Creators see how much attention their work is getting and from whom. Not names, but real numbers. Session length. Return visits. When someone comes back three times in a week to read your work, your creator analytics show that.
That changes things. Not because creators are chasing metrics (they're not), but because they finally have honest feedback. The algorithm told them 'this did 50,000 impressions'. The ledger tells them 'fourteen people spent an average of nine minutes with this piece, and three came back'. The second number is worth infinitely more.
On the reader side, the ledger does something equally important. It makes you confront what you're actually spending time on. You open Intentr with the intention to read about design trends. You set a 30-minute session. The ledger shows you spent 28 minutes on one article. That's honest data. Most people find that clarifying. Some change their habits. Some just feel less guilty about what they're reading.
When creators own the outcome
There's a moment in every platform's lifecycle where you realise the creators have figured something out before you have. We hit that moment around week six.
A group of four creators started coordinating their release schedules. Not to game anything. They just wanted to make sure readers had something new to find each day across their channels. One of them wrote: 'On other platforms, I'd never tell competitors when I was posting. Here, we actually want people to have good things to read from each other.'
That wouldn't happen on an algorithm-driven platform. Coordination would be pointless. It happens here because creators realise they're not competing for an algorithmic slot. They're building something together. The 85 percent revenue share means they're invested in the platform's success, not just their own reach.

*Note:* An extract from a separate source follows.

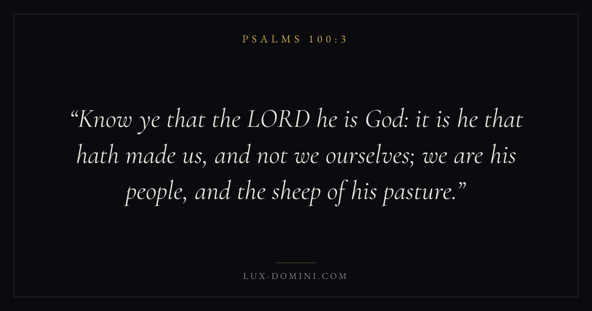 Know ye that the LORD he is God: it is he that hath made us, and not we ourselves; we are his people, and the sheep of his pasture.
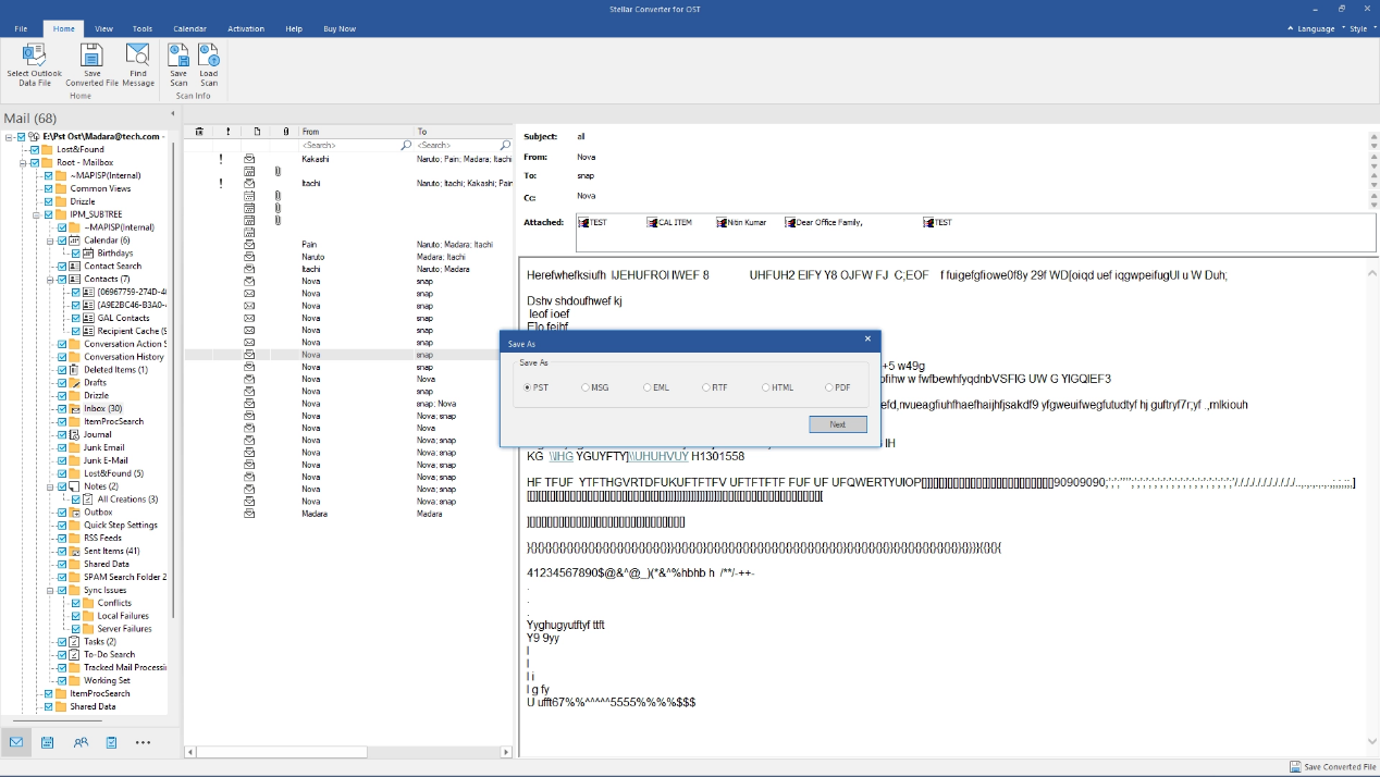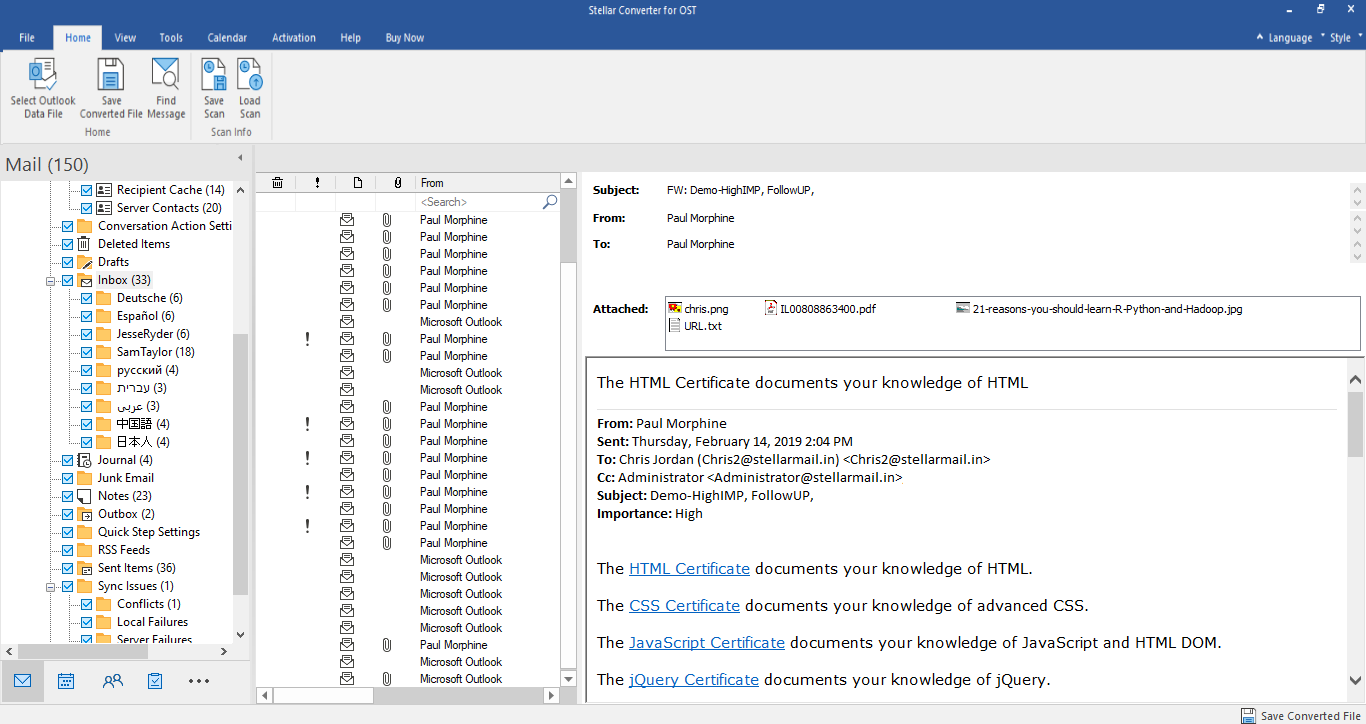 بمجرد اكتمال الفحص، قدم Stellar Converter for OST شجرة علبة بريد كاملة.

The work that gets made reflects that. It's more thoughtful. More specific. Less designed to appeal to everyone and more designed to matter to someone. A creator who knows they'll earn 85 percent from her engaged subscribers has very different incentives than a creator trying to crack an algorithm's code.

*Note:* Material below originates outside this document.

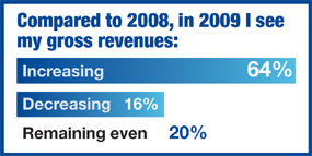 When asked to predict their financial performance for 2009, 64% of respondents said they expect gross revenue growth in 2009.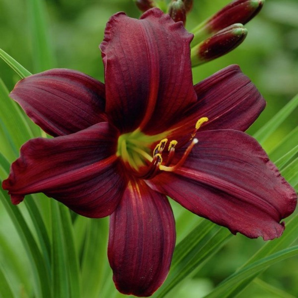 Крупноцветковый сорт, зеленое горло, чёрно-фиолетовые лепестки. Идеальный выбор для цветников, пейзажных композиций, миксбордеров.

The readers who notice the difference
We also made the revenue share visible to readers. When you open Intentr, you see 'creators earn 85% from subscriptions'. It's right there. No hidden ad network. No sponsorship deals burying real work. Just creators and readers, and a clear exchange.
Something unexpected happened. Readers started talking about it. Not in a PR sense. Genuinely. People who'd been exhausted by algorithmic platforms said it felt different. One user told us 'I'm not trying to beat the system. The system isn't trying to beat me. I can just read.'
That safety matters. When you know the creator earned most of what you paid, and you know the algorithm isn't choosing what to show you next, and you know you can see exactly how much time you spent, you're in a different relationship with the content. It's not suspicious. It's not designed to trick you. It's just work that someone made, and the economics of it are clear.
The irony is that clarity is what allows better work to thrive. Creators don't have to be mysterious or manipulative. Readers don't have to be cynical. The best work rises because people actually want it, not because an algorithm decided it would go viral this week.
The question we ask creators now is simple: if you knew 85% of what you earned came from people who genuinely chose to read your work, would you make different things? Everyone says yes. Most of them already are.